However, the HIV epidemic has significantly changed in recent years in Taiwan. The proportion of IDUs among the newly diagnosed HIV-positive patients declined rapidly with the successful, sustained implementation of harm reduction program since 2004–2005 [23–25]; instead, the number of young HIV-positive MSM increased steadily and MSM has again become the major risk group for HIV transmission. The increasing number of susceptible host who have a low adherence to the recommendations of HAV vaccination has laid the fertile ground for an outbreak of acute hepatitis A to occur in Taiwan in June 2015 [26–28]. Furthermore, the outbreak strain in Taiwan appeared to be genetically linked to the strain that caused the recent outbreak of acute hepatitis A in Europe [17].
In this study, we aimed to examine the evolution of HAV seroepidemiology and identify the associated factors with HAV infection among HIV-positive Taiwanese patients in recent years to help inform the HAV vaccination policy.
Patients and methods
Study setting and population
This retrospective cohort study was conducted at 11 major designated hospitals for HIV care around Taiwan, where HIV care including combination antiretroviral therapy (cART) and monitoring of CD4 and plasma HIV RNA load (PVL) has been provided free-of-charge [29]. Between 1 June, 2012 and 31 May, 2016, all patients who were aged 18 years or greater and initiated cART were included in this study (2012–2016 cohort). A case record form was used to collect information on the demographic and clinical characteristics of the patients at baseline and during follow-up, which included birth date, sex, route of HIV transmission, serologies of viral hepatitis and syphilis, CD4, and PVL. Patients were divided into four risk groups according to the routes of HIV transmission including MSM, IDUs, heterosexual contact, and unknown status. The study was approved by the Research Ethics Committee of National Taiwan University Hospital [201003112R] and Far Eastern Memorial Hospital [105040-F], Medical Ethics and Institutional Review Board of Taoyuan General Hospital [TYGH103011], and Institutional Review Boards of Tri-Service General Hospital [1-105-05-057], National Taiwan University Hospital Hsin-Chu Branch [105-017-F], Taichung Veterans General Hospital [CF16114B], Chung Shan Medical University Hospital [CS14034], Changhua Christian Hospital [160408], Chia-Yi Christian Hospital [105034], National Cheng Kung University Hospital [B-BR-105-038], and Chi Mei Medical Center [10505–002]. The informed consent was waived.

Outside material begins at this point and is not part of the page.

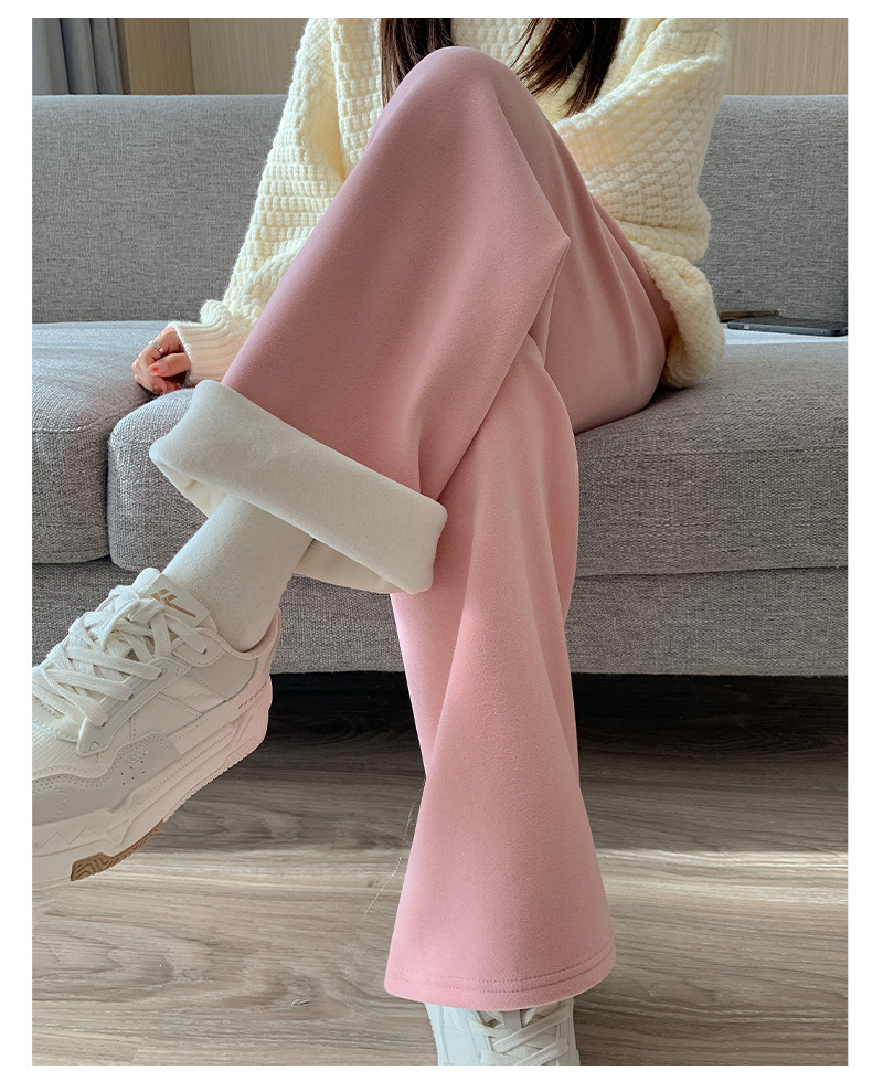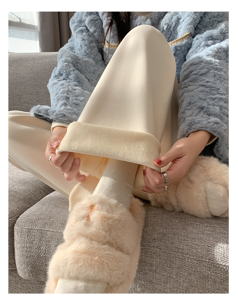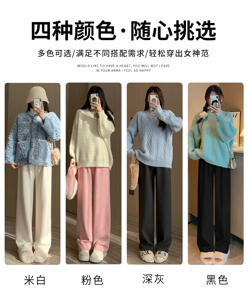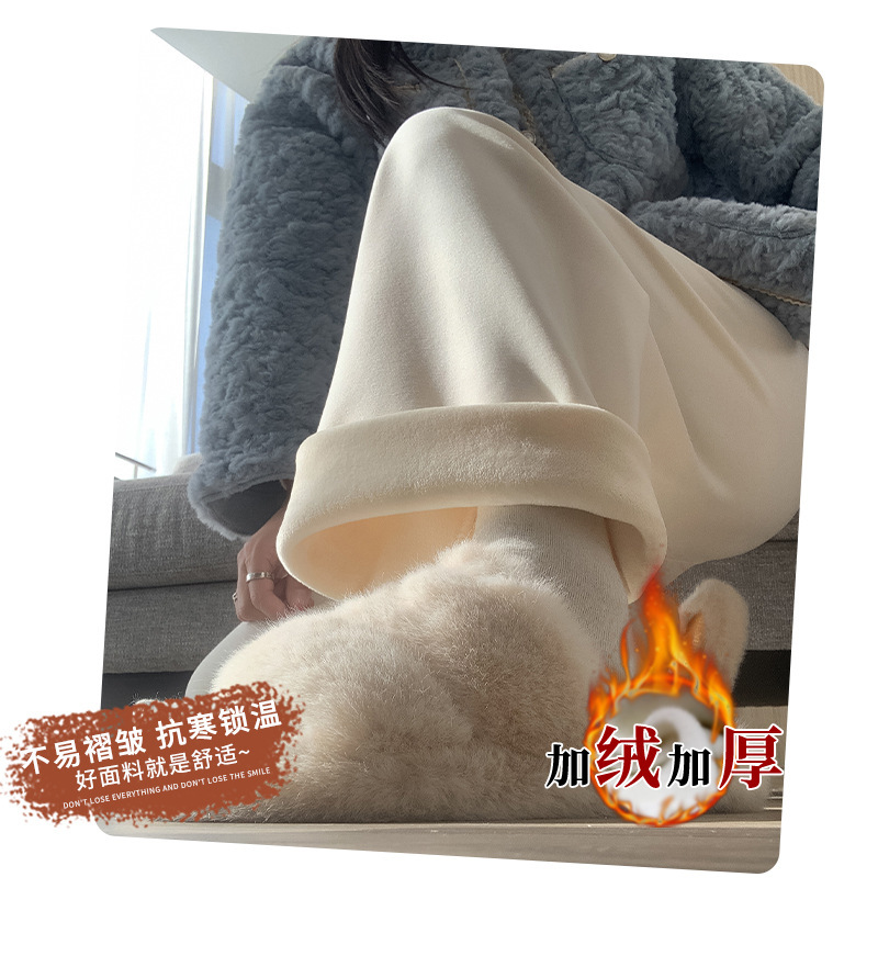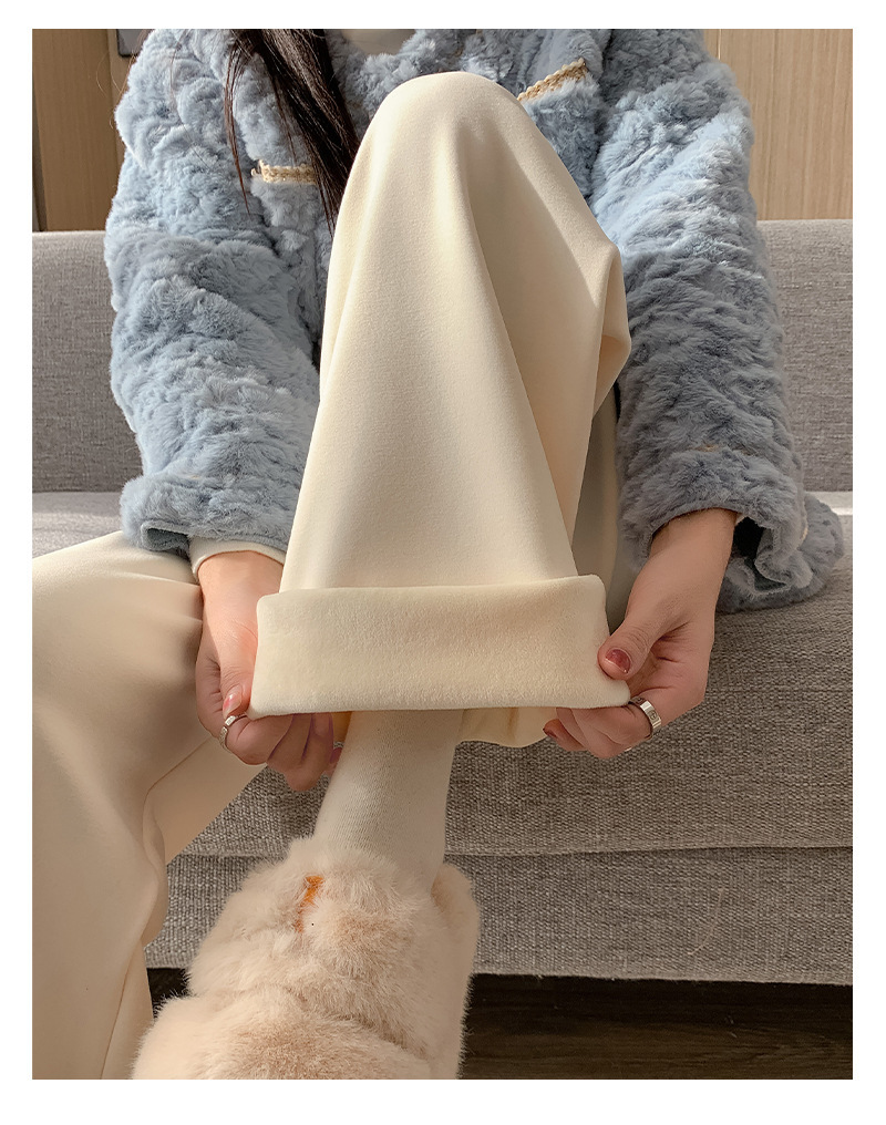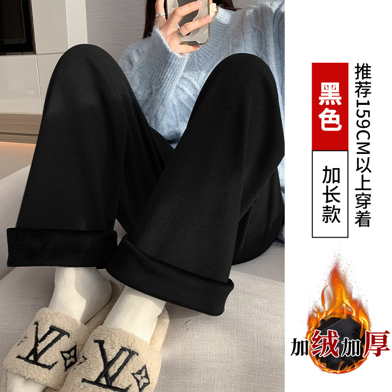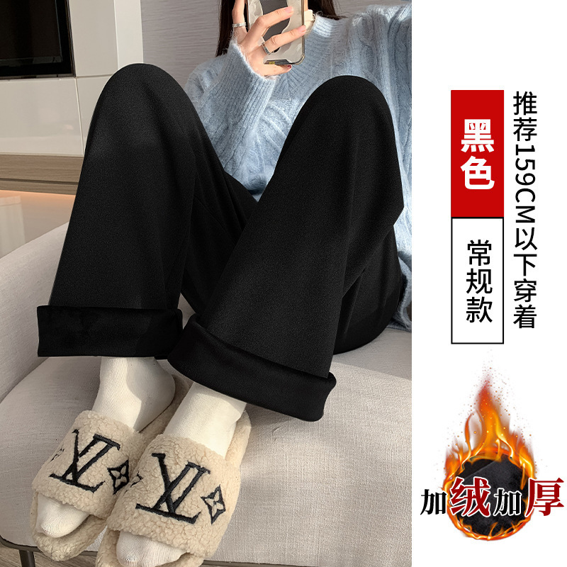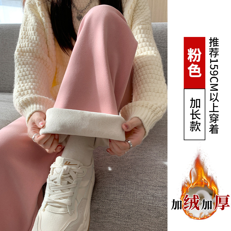 독일 벨벳 와이드 레그 팬츠 여성의 가을과 겨울 하이 웨이스트 느슨한 좁은 드레이프 바지 기모 스트레이트 캐주얼 찹쌀 바지

HAV vaccination was not included in routine vaccination schedule for toddlers in Taiwan. Since 1995, HAV vaccination was only provided to children in 30 indigenous townships and 19 non-indigenous townships in order to control HAV infection in counties of high endemicities of HAV infection in Taiwan. However, the vaccination program covered only 2% of the total population in Taiwan. The study sites participating in this study did not include hospitals located in those townships that were covered by the HAV vaccination program. It was only until one year after the onset of the recent outbreak of acute hepatitis A that Taiwan Centers for Disease Control (CDC) started to implement free-of-charge 1-dose HAV vaccination program in October 2016 that aimed to target those testing negative for anti-HAV antibody who were aged 40 years or less, those who had close contacts with individuals receiving the diagnosis of acute hepatitis A, and those who had sexually transmitted infections.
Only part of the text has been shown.